In view of this situation it becomes unnecessary to pass upon the constitutionality of the Act under attack. Unfortunately for the relators, perhaps, their contentions in the court below and here place them upon the horns of a dilemma and not being able to occupy both positions, they failed in establishing their right to the issuance of a writ of mandamus.

We are sorely tempted to enter upon an historical discussion which we believe would clearly demonstrate the confusion, dissatisfaction and almost unlimited volumes of litigation that have resulted from the enactment of so-called “population bills”. This case is merely illustrative of the many which fill the official reports of this court. However, such a discussion is not essential to the ultimate decision in the case at bar.
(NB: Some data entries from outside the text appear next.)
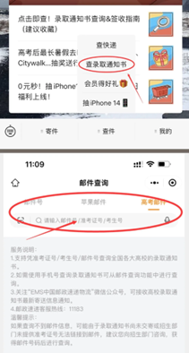 点击【EMS中国邮政速递物流】公众号菜单栏的【查件】界面,选择【查录取通知书】,选择【高考邮件】,输入考生号,按提示输入高考报名时预留的收件人手机号后四位进行验证,即可查到关联的通知书邮件的物流信息。
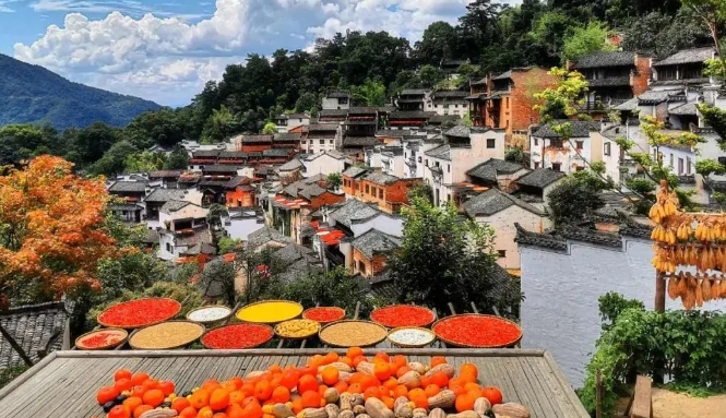 早餐后乘车前往中国最美乡村--婺源,游览【梯云人家•梦幻田园、“挂在坡上山村” —篁岭】(索道自理:平日130元/人)(游览时间约2.5小时):乘观光索道上山,游览以“晒秋”闻名的婺源篁岭民俗景区,被誉为中国最美符号,周边梯田覆叠白云环绕。春季千亩梯田油菜花,漫山遍野的新绿、嫩黄,震撼视觉冲击。【天街】民居围绕水口呈扇形梯状错落排布,U形村落带您体验南方的“布达拉宫”。徽式商铺林立,前店后坊,一幅流动的缩写版“清明上河图”。家家户户屋顶晒盘云集,绘就出一幅“晒秋人家”风情画。【卧云桥、垒心桥】索桥似玉带将两岸的梯田串接,体验百米高空玻璃栈道。俯看脚下梯田油菜花,感受未有过的油菜花。在观景台上你可以拿出相机拍下美景,走进梯田油菜花感受人在花海中的神话。【百花谷】欣赏紫色花海薰衣草、三角梅、玫瑰、孔雀草花、紫薇花等美景,近距离欣赏花海世界,形成“窗衔篁岭千叶匾,门聚梯田万亩花”的美景。驿道文化为主题打造,在天然氧吧的田园中享受“乡村慢生活”的惬意。
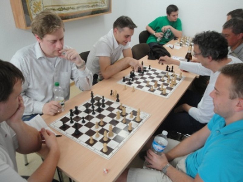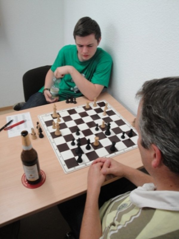 Yogi über große Initiative verfügte – kamen wir anschließend an fast jedem Brett zu entscheidendem Vorteil. Yogi siegte in überzeugender Manier, Normi führte sein D+S-Endspiel sicher zum Sieg (inklusive abgelehntem Remisgebot bei Matt in -3). Ich nahm das Remisgebot meines Gegners an, da ich keine vorteilhafte Fortsetzung für mich entdecken konnte.
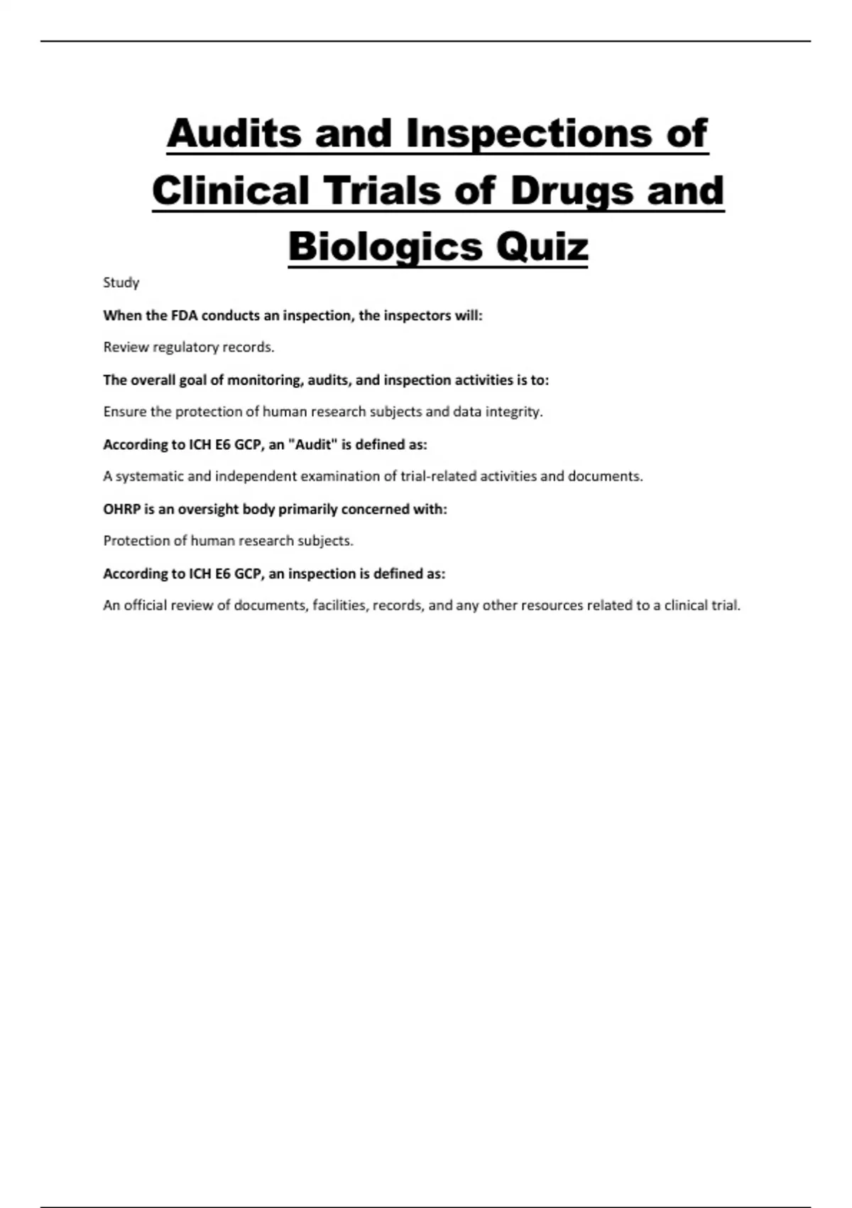 Audits and Inspections of Clinical Trials of Drugs and Biologics Quiz Complete with Answers Verified and Graded

We abide by the rule that unless essential to a decision of the cause, the question of the constitutionality of a legislative enactment will not be considered by the court.

The relators, therefore, having failed to establish a clear legal right which entitles them to a performance of - a clear legal duty by the respondent, the order of the trial judge sustaining the motion to quash the alternative writ was correct.

The judgment is affirmed.

DREW, C. J., TERRELL, ROBERTS and O’CONNELL, J J.,. and WALKER, Associate Justice, concur.